The nearly week-long search for a killer who escaped from an Ohio prison ended Sunday when authorities confirmed that a body found floating in a Kentucky river is likely that of the killer.

«Today I think we have wrapped up our five-day manhunt,» Sean McKinney, police chief in Henderson, Kentucky, said during a news conference.

Early Sunday, a boater reported a body in the Ohio River, which shares Kentucky’s northern border with Indiana and Ohio, McKinney said. After it was recovered, preliminary investigation determined it belonged to Bradley Gillespie, 50, who was last seen near the banks of the canal, he said.

An autopsy scheduled for Tuesday will give the final word on the identity of the remains, he said. Gillespie was limping, as seen on security video from a retailer in Indiana, because he may have been injured during the getaway, authorities previously said.

The convict was last seen inside the Allen-Oakwood Correctional Institution in Lima, Ohio, on Monday, authorities said. The next morning, he and his fellow inmate James Lee, 47, were determined missing after a prisoner count, they said.


Bradley Gillespie. Ohio Department of Rehabilitation and Correction via AP

Investigators say the two hid in a dumpster as part of their escape. Henderson is about 350 miles southwest of Lima. Authorities said the couple had also been seen at a Home Depot in nearby Evansville, Indiana, and in the small town of Vincennes, Indiana, where they may have unsuccessfully attempted to break into a vehicle.
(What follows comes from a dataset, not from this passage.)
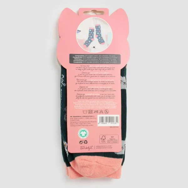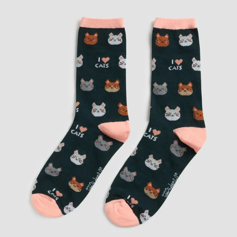 Calcetines con estampado de caras de gatitos, disponibles para las tallas 35-38, 39-41 y 42-46. Realizados con algodón orgánico y tintes ecológicos.

On Wednesday, police said, Gillespie and Lee are believed to have been inside an allegedly stolen vehicle that was pursued by Henderson officers in the area until it crashed and the suspects fled. Lee was captured nearby, but Gillespie apparently fled and remained on the run.

After the vehicle chase, authorities flooded the Henderson area with dozens of offers, three helicopters and bloodhounds. But on Sunday, the police chief suggested that Gillespie may have drowned days ago and that his body remained at the bottom of the river until the weekend.

«The levels or stages of decomposition are consistent with a body that has been in the water for four to five days,» McKinney said.

Gillespie was convicted of two counts of murder and was serving two consecutive 15-to-life sentences following the 2016 sentencing, Ohio authorities said. Lee had been convicted of robbery and other robbery-related crimes, they said.

Four corrections department employees were placed on paid administrative leave amid internal and Ohio State Highway Patrol investigations into the breakout.